La Hora de la Desaparición (Weapons): terror implacable que incomoda y fascina

Del mismo director de Barbarian, Weapons llega como un título que revienta expectativas: no es una película perfecta, ni convencional, pero tiene el poder de perturbar y permanecer contigo mucho tiempo después de prender las luces de la sala.

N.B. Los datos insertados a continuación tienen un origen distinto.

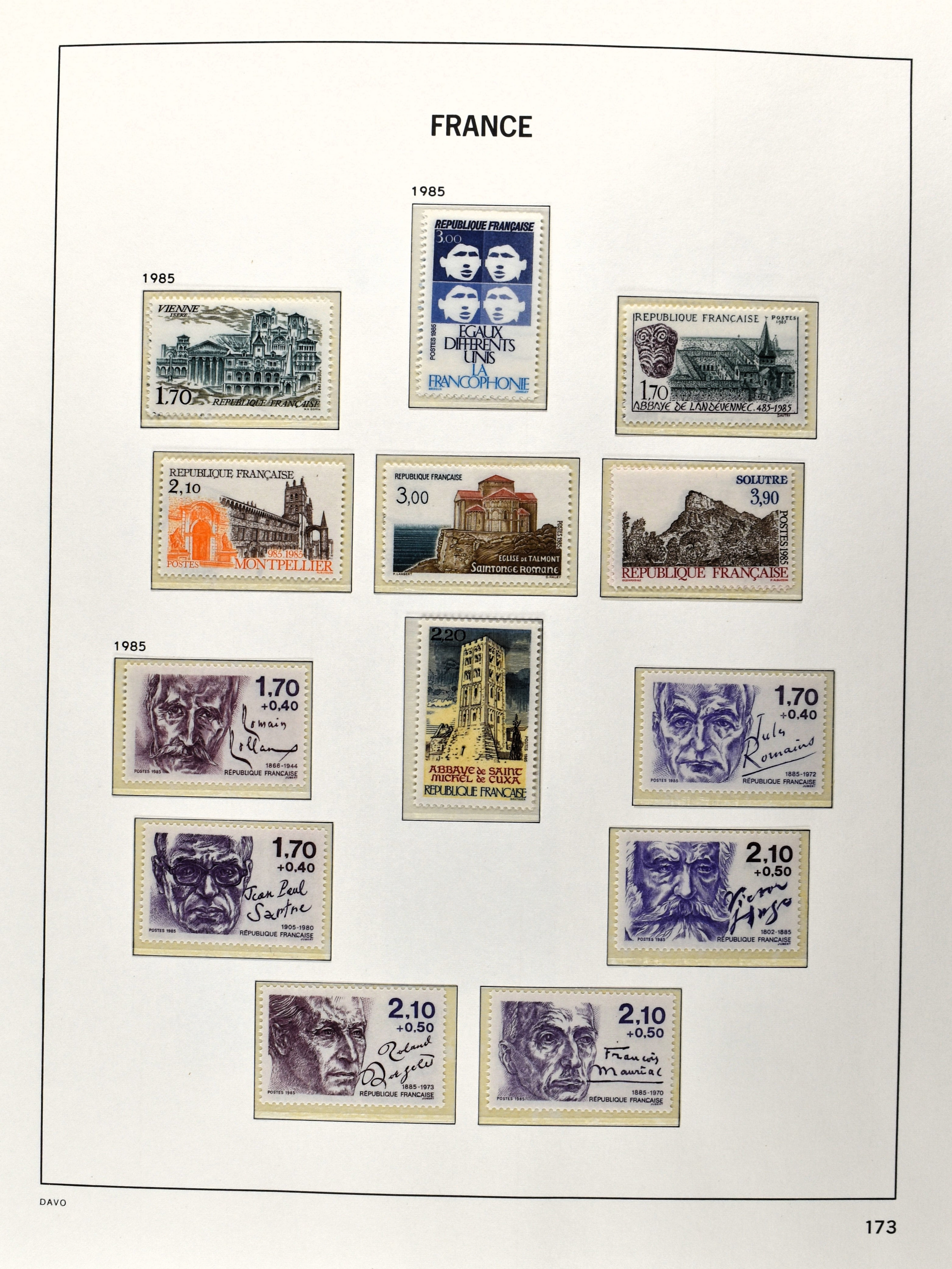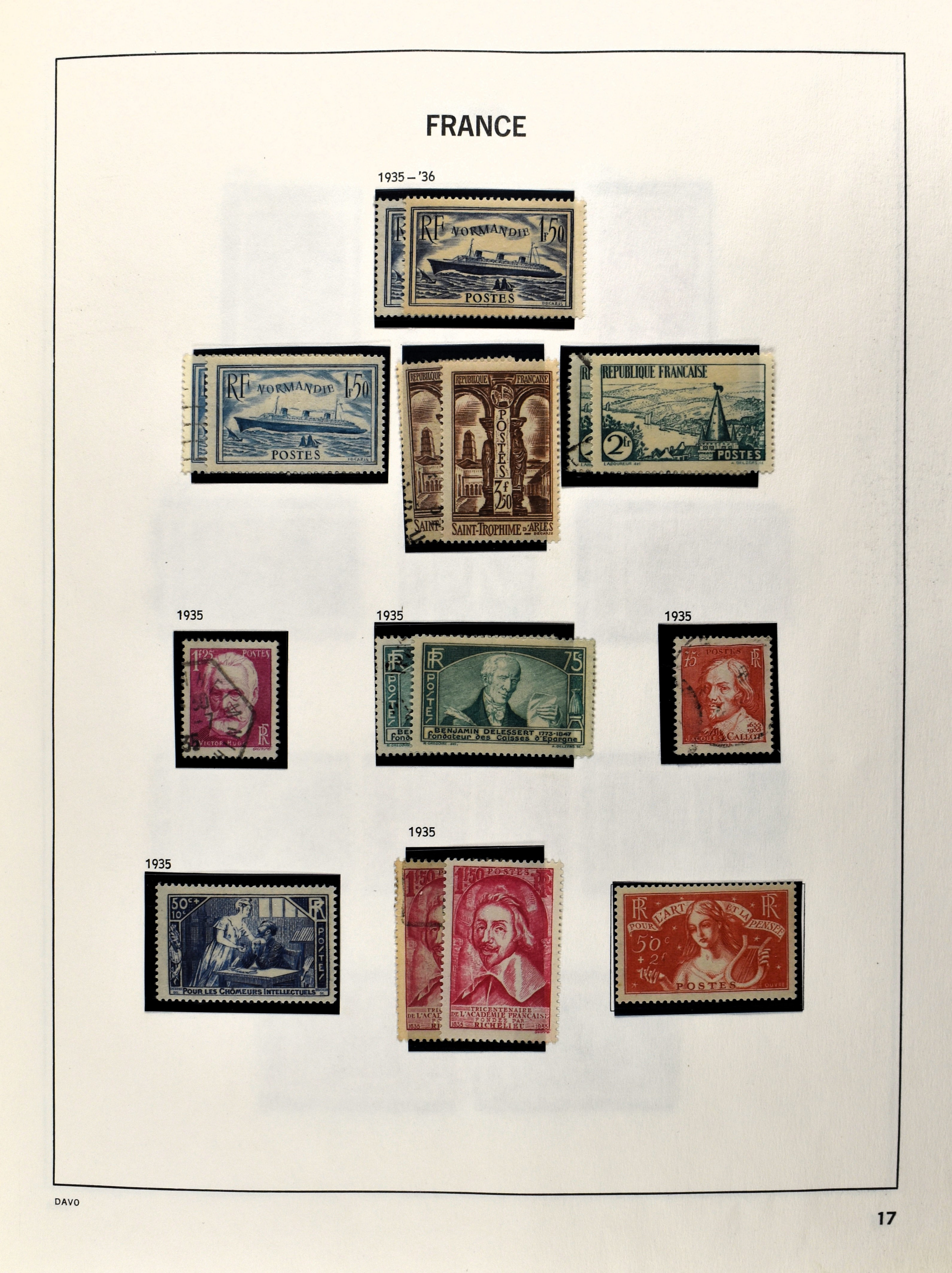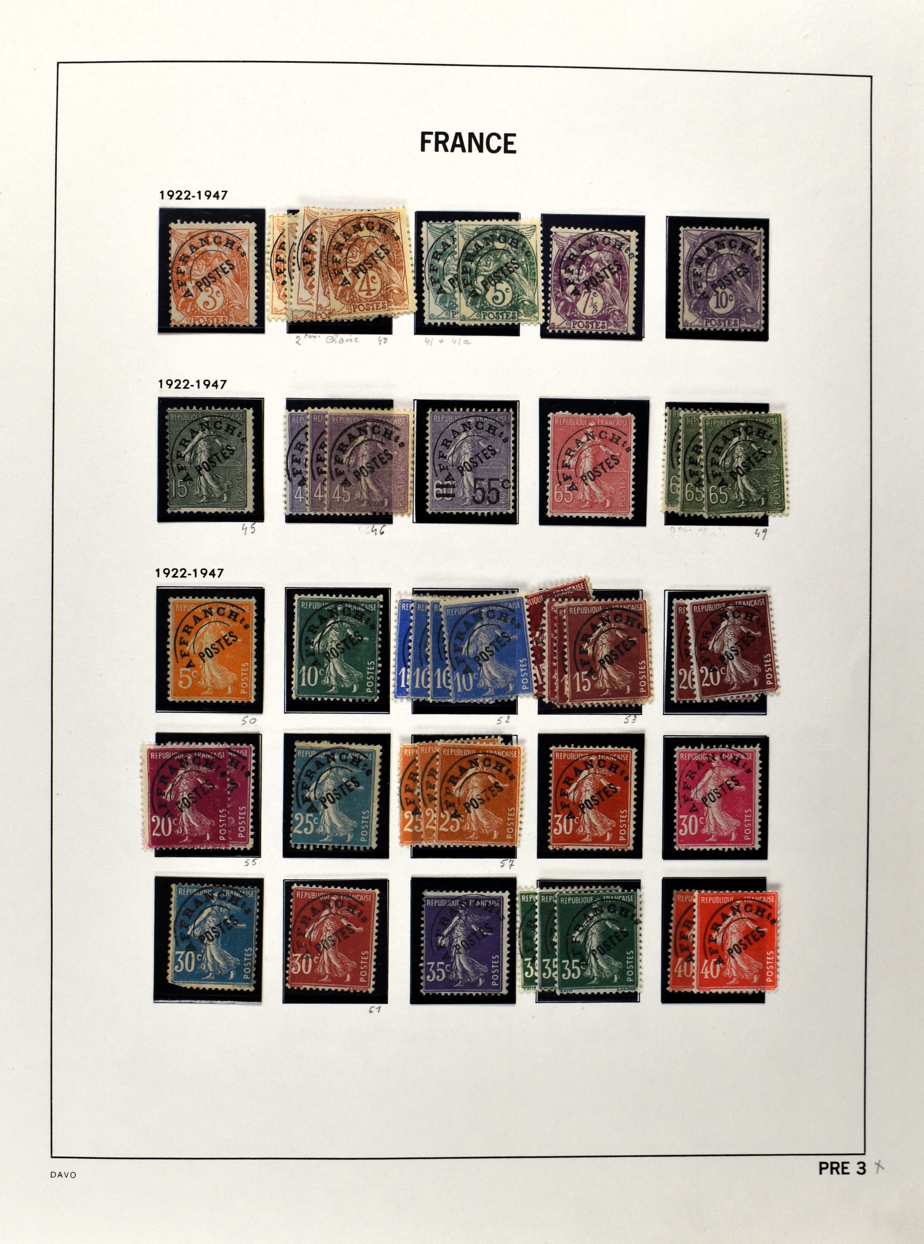 2156 imageFRANCE 1849-2005, o/*/** in 6 Davo albums with a lot of good and better numbers and sets often used as well as unused collected, such as Yv. 144/51, 211/14(2), 218/19, 220, 321, 327(2), airmail, blocks incl. blocks 1,2 and 3 , booklets, varieties, etc., a valuable collection in decent quality. (Image) (Image2) (Image3) (Image4) (Image5) (Image6) (Image7) (Image8) (Image9) (Image10) (Image11) (Image12) (Image13) (Image14) (Image15) (Image16) (Image17) (Image18) (Image19) (Image20) (Image21) (Image22) (Image23) (Image24) (Image25) (Image26) (Image27) (Image28) (Image29) (Image30) (Image31) (Image32) (Image33) (Image34) (Image35) (Image36) (Image37) (Image38) (Image39) (Image40) (Image41) (Image42) (Image43) (Image44) (Image45) (Image46) (Image47) (Image48) (Image49) (Image50) (Image51) (Image52) (Image53) (Image54) (Image55) (Image56) (Image57) (Image58) (Image59) (Image60) (Image61) (Image62) (Image63) (Image64) (Image65) (Image66) (Image67) (Image68) (Image69) (Image70) (Image71) (Image72) (Image73) (Image74) (Image75) (Image76) (Image77) (Image78) (Image79) (Image80) (Image81) (Image82) (Image83) (Image84) (Image85) (Image86) (Image87) (Image88) (Image89)

La hora de la desaparición, como su título en español indica, arranca con un misterio tan simple como escalofriante: de una noche a otra, 17 niños de una clase desaparecen sin dejar rastro, salvo uno. A partir de esa premisa —que recuerda Magnolia en su estructura coral—, Zach Cregger despliega una narración en capítulos que se desplaza entre el horror íntimo y la extrañeza suburbana, con puntos de vista que incluyen la de la docente Justine (Julia Garner), un padre devastado (Josh Brolin), un policía con demonios internos, y el inquietante estudiante que sobrevive —todos atrapados en un pueblo donde lo familiar se vuelve amenazante.

Visualmente, Weapons destaca por una atmósfera claustrofóbica, artísticamente perturbadora; cada encuadre respira amenaza, y lo cotidiano se tuerce hasta parecer grotesco. El humor negro —brillante y perverso— irrumpe cuando menos lo esperas, bordando la tensión con risas incómodas.

Histriónicamente, Julia Garner da lo mejor de sí como una figura acosada por la culpa y la sospecha, mientras Josh Brolin encarna el dolor con convicción. Potenciados del resto del elenco que protagonizan sus propios segmentos de la historia reforzando la dimensión comunitaria de la pesadilla.

De esta manera, el director Zach Cregger construye un camino para llegar a un final explosivo y oscuro, no resuelve todo, pero deja una huella imborrable. La ambigüedad funciona como otro personaje que te confronta directamente.

Weapons no es un terror complaciente: desequilibra, provoca y te empuja hacia zonas oscuras del cine con un pulso propio. No entrega todas las respuestas, y quizás ahí radica su grandeza: en la capacidad de hacerte sentir que el horror persiste, incluso en lo que nunca se dice.